Некогда прочь за ограду усадьбы были выброшены за минованием надобности известковые слепки с частями надписей, служившие мастерам образцами[125] (САI: 112, XXXII 3). Если по этим прописям работали, когда приступали к отделке усадьбы, они должны были содержать титла в их первоначальном, непеределанном виде. И вот на остатках нескольких надписей обнаруживаются части того самого титла, которое нам нужно. При этом они взаимно [139] дополняются: слово, которое стоит в конце одного куска, оказывается в начале другого, и так восстанавливается целое титло почти полностью и вполне надежно:

"Жена любим[ая              ]"

"[царя (и) государя,] живущ[его] правдою, Нефр-шепр-рэ Ва-н-рэ"

"[отрока доб]р[ого] Йота"

"Й[ота] живо[го], который буд[ет]"

"будет жив [вековечн]о"

"[бу]д[ет] жив вековечно вечно, Кийа"

"вековечно вечно, Кийа".

Пробел в начале третьего куска, несомненно, заключал в себе слово "отрок", так как второй кусок оканчивается на определенный член pi, предшествующий слову "отрок": pi srj: низы знаков в верху третьего куска вполне подходят и к л/г "добрый".

Восстанавливается титло, совсем такое, как те, что были первоначально в усадьбе и на гробе. Только титло прописей называет еще и имя загадочной женщины: "Жена любимая -

              [царя (и) государя], живущего правдою, Нефр-шепр-рэ Ва-н-рэ, [отрока доб]рого Йота

живого, который будет жив вековечно вечно, Кийа".

Имя не вполне четко на снимке прописей, но может быть прочтено как

"Кийа".

На одном из обломков знаки корзины, тростинки и двух черточек видны вполне отчетливо, и знак женщины после имени также достаточно четок. На другом обломке вместо двух черточек — три черточки, и одна из них придвинута вплотную к корзине; правда, на первом обломке корзина, как будто б без ручки, но поставленная около корзины черточка на втором обломке — не ручка ли корзины, а корзина не буква ли к! Знак птицы недостаточно четок на обоих кусках, но все же, как будто, не знак птенца, а знак коршуна, т.е. не буква вав, а буква алеф.

Остатки первоначального имени видны кое-где и в переделанных надписях усадьбы, в частности хорошо виден определитель женщины позади имени, но остальное на изданных воспроизведениях ненадежно. Только на снимке С А I: XXXV 9 в конце изглаженной надписи более или менее ясно читается "Кийа". [140]
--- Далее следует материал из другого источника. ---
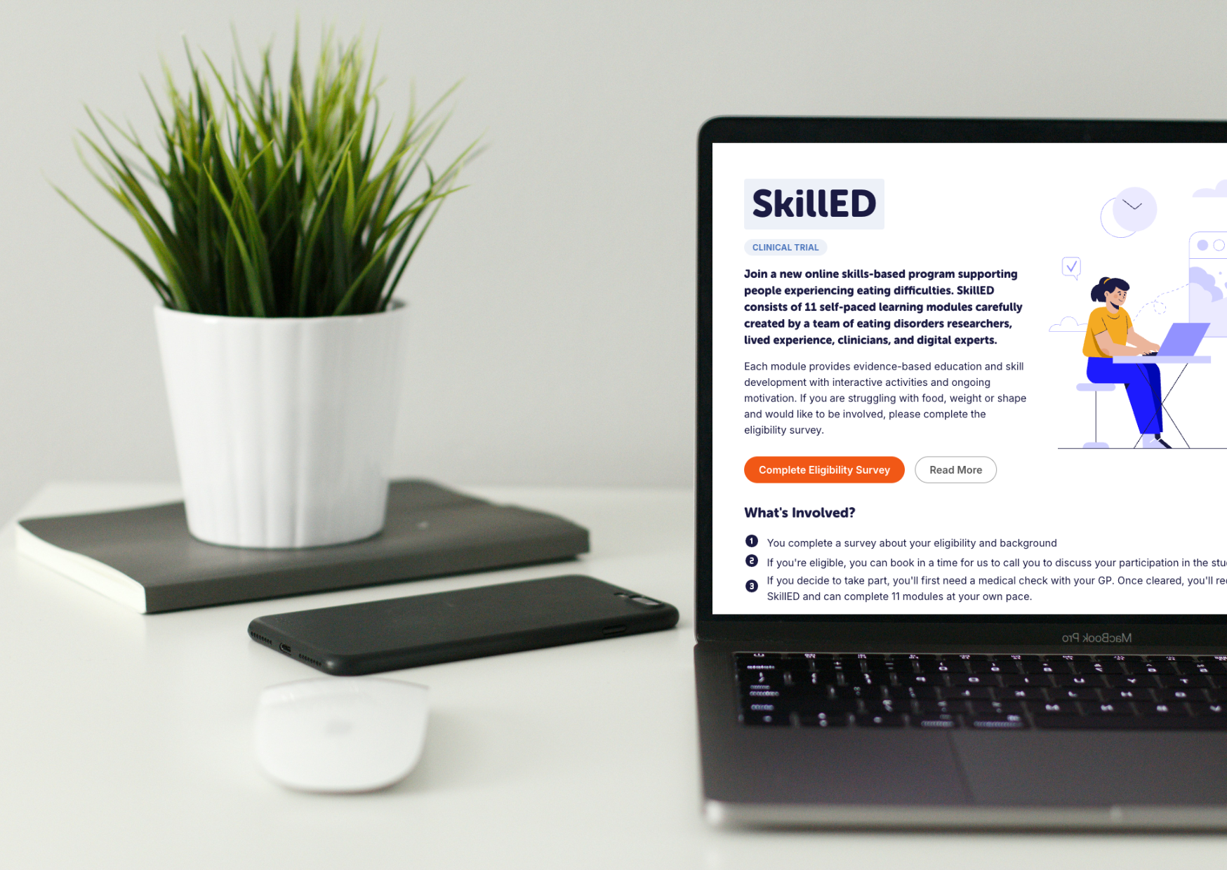 SkillED is an online cognitive behavioural therapy (CBT) self-help program designed for individuals struggling with food, weight and shape issues. SkillED consists of 11 self-paced learning modules carefully created by a team of eating disorders researchers, lived experience representatives, clinicians, and digital experts. Each module provides evidence-based education and skill development with interactive activities. With dropout rates for e-therapies reaching up to 80 per cent, improving user engagement is a critical challenge. By empowering users with treatment choice and integrating real-time support strategies, this study is expected to enhance engagement, reduce dropout, and improve patient outcomes.

Полностью титло Кийа читается на двух недавно изданных сосудах JEA XLVII: 29, 30: "Жена, любимец (так на обоих сосудах!), большая, царя (и) государя, живущего правдою, владыки обеих земель (на одном сосуде звание "владыка обеих земель" опущено) Нефр- шепр-рэ Ва-н-рэ, отрока доброго Йота живого (на одном сосуде ошибочно "Йота живого живого"), который будет жив вековечно вечно, Кийа". Имя, не вполне четкое на мелких

снимках усадебных надписей, читается здесь совершенно отчетливо:

Следы этого имени, а также начальных слов титла можно опознать на самом гробе, именно внутри его в надписях D и Е, не видных снаружи и переделанных с большим приспособлением к прежним начертаниям, чем наружные надписи. В надписи D за словом "властитель" следует неуместное в приложении к новому обладателю гроба — царю-мужчине причастие "любимая" (mrrt) и затем прилагательное "большой". Несомненно, это тоже отголосок прежнего начала надписи "Жена любимая (или "любимец"?), большая". Примечательно необыкновенное — с буквою для начального ml — написание слова mrrt "любимая" — точь в точь, как в случае обозначения "любимая" в начале титла Кийа на одной из прописей усадьбы (СА I: XXXII 3).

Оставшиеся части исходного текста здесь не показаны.